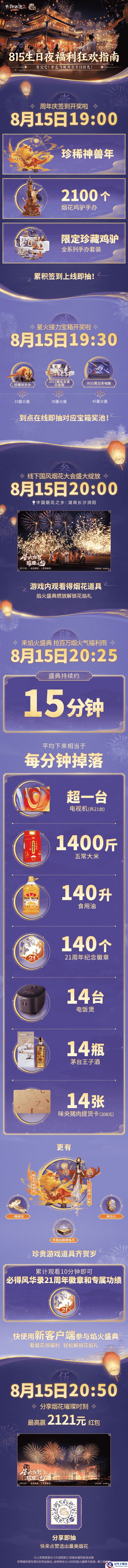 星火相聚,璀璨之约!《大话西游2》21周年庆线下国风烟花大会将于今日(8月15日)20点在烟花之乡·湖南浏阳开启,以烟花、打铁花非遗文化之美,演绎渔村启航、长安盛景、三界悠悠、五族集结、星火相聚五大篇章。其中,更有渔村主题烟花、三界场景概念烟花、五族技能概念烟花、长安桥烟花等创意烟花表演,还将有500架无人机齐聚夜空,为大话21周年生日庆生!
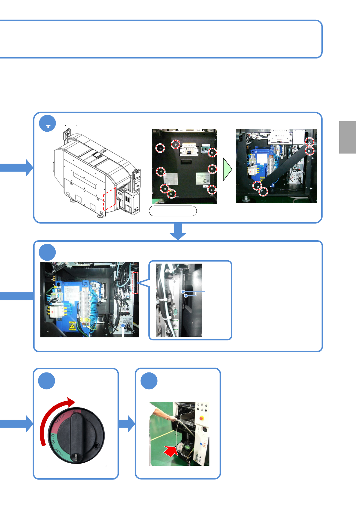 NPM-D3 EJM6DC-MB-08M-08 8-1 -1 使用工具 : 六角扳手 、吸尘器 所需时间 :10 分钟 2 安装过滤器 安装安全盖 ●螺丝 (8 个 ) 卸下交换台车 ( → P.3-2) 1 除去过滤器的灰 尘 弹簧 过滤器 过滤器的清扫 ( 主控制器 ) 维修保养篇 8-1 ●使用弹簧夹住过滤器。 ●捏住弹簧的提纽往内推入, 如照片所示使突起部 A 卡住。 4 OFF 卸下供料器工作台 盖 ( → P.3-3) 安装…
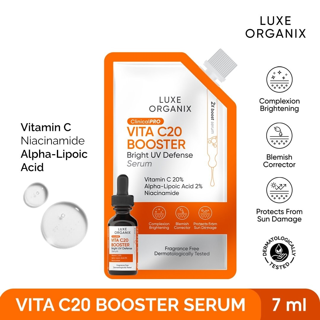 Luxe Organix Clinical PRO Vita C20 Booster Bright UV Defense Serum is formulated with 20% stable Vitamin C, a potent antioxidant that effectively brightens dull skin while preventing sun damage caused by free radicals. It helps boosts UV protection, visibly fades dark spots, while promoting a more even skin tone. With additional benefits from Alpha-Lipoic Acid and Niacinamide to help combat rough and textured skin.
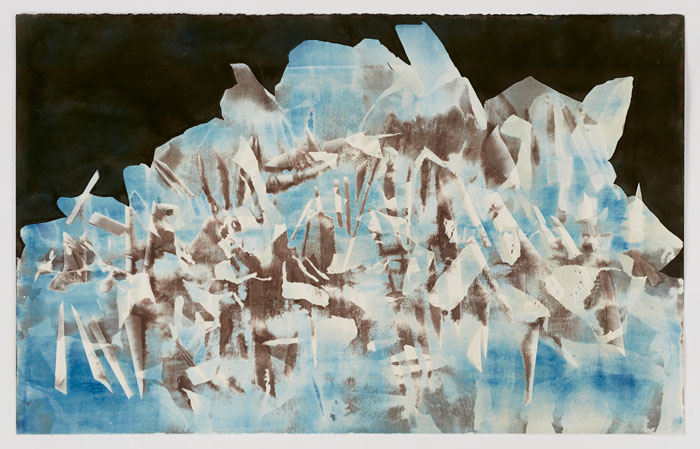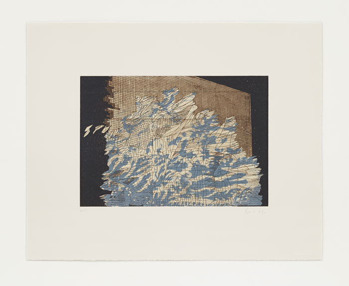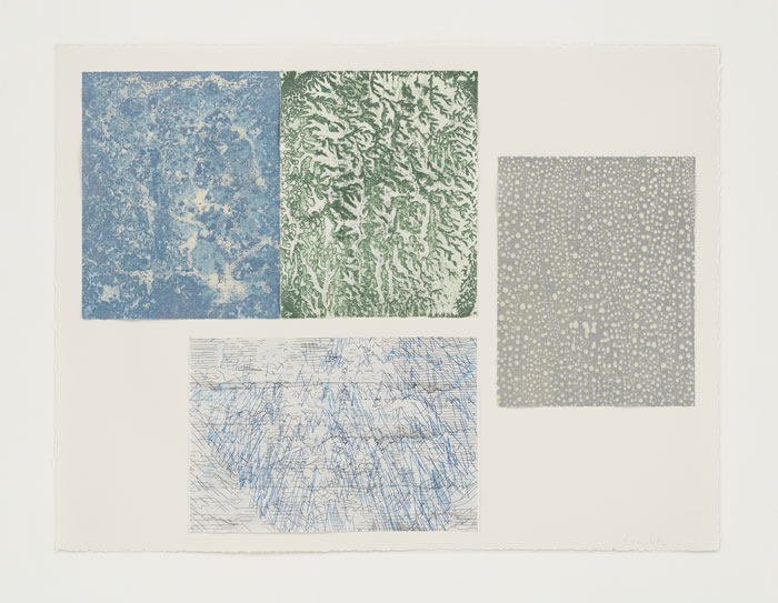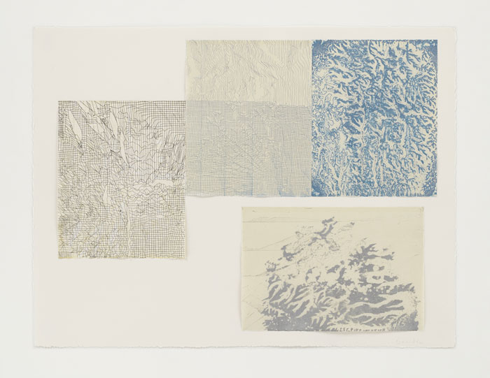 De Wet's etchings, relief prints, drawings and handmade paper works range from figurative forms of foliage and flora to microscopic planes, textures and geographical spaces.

______________________________

Skip every picture and return the lines above from the top through the one that contains "Luxe Organix Clinical".

 星火相聚,璀璨之约!《大话西游2》21周年庆线下国风烟花大会将于今日(8月15日)20点在烟花之乡·湖南浏阳开启,以烟花、打铁花非遗文化之美,演绎渔村启航、长安盛景、三界悠悠、五族集结、星火相聚五大篇章。其中,更有渔村主题烟花、三界场景概念烟花、五族技能概念烟花、长安桥烟花等创意烟花表演,还将有500架无人机齐聚夜空,为大话21周年生日庆生!
 NPM-D3 EJM6DC-MB-08M-08 8-1 -1 使用工具 : 六角扳手 、吸尘器 所需时间 :10 分钟 2 安装过滤器 安装安全盖 ●螺丝 (8 个 ) 卸下交换台车 ( → P.3-2) 1 除去过滤器的灰 尘 弹簧 过滤器 过滤器的清扫 ( 主控制器 ) 维修保养篇 8-1 ●使用弹簧夹住过滤器。 ●捏住弹簧的提纽往内推入, 如照片所示使突起部 A 卡住。 4 OFF 卸下供料器工作台 盖 ( → P.3-3) 安装…
 Luxe Organix Clinical PRO Vita C20 Booster Bright UV Defense Serum is formulated with 20% stable Vitamin C, a potent antioxidant that effectively brightens dull skin while preventing sun damage caused by free radicals. It helps boosts UV protection, visibly fades dark spots, while promoting a more even skin tone. With additional benefits from Alpha-Lipoic Acid and Niacinamide to help combat rough and textured skin.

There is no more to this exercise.